Griffiths's Belfast flight is in his capacity as director to prepare for the London opening. The Bush has a production in, and rehearsal space here is prohibitively costly. On the other hand, to be in Belfast during an election gets the old warrior's juices running. "We'll be stuck away in some arts centre but we'll get the sense of it all around us. It keeps us on the edge, which is where we need to be with this play."

Who Shall Be Happy...? eventually resolves the conundrum built into its title. The completed question is not a quote from any of the revolution's participants but a distillation by Griffiths of a number of questions about political action. It invokes Jefferson's "life, liberty and the pursuit of happiness". "It's a question that hovers in the American Revolution as well as the French," Griffiths confirms. "I think it's soaked in the period."

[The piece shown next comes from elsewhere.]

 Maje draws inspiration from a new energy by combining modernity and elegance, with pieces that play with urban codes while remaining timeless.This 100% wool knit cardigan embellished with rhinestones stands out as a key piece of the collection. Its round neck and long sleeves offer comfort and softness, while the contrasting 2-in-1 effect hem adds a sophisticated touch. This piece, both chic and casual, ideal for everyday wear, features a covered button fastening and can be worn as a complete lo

The play charts the musings of the prisoner and his game of bluff and double-bluff with his guard to whom he presents himself as an actor chosen because of the power of his stage representation of Danton. The conceit resonates satisfyingly on the way the audience perceives what they see - Jack Shepherd or, on stage, Stanley Townsend impersonating Danton and perhaps at some level becoming Danton the way actors do invade their characters. I suggest that the play is as much about acting as Comedians, still perhaps Griffiths's best-known work, addresses the politics of comedy.

"It's weird, this," says Griffiths, "but my experience of the audiences is that they're very reluctant to move into that area. They want to stay with the heroic figure, standing colossus-like astride the revolution. This is how we like our history. But there's a crise d'identite running through the play. Who is the fucker? Is he telling the truth? That's really at the heart of this piece but it's frequently not addressed by the audience until quite late in the action."

The image of acting is strong in Georg Buchner's great and oft-revived 19th-century play, Danton's Death. "It is," agrees Griffiths. "And the image of madness also comes from the Peter Weiss play, The Marat / Sade. A lot of people were locked up in asylums around Paris, some for political reasons, some mental. In one way or another, people were enraged beyond endurance by the Revolution, that it wasn't going right or that it happened at all. So notions of madness, of identity and of revolution are fused in the play and the audience has to make something of that."

Changes in the audience preoccupy Griffiths as he seeks new forms and new spaces. "What are people using theatre for now?" he asks. "There isn't a listening box or a watching box, a need to know. They've retreated from an examination of their lives through drama. In 1984 I put on Real Dreams - a play about white students trying to change the world in the late 1960s - in a white middle-class university town in Massachusetts. And I describe it as speaking in a Styrofoam cup. But I see good black plays, good Asian plays and I'm reminded that the nation is all of us and that people are fighting their corner. And that's heartening."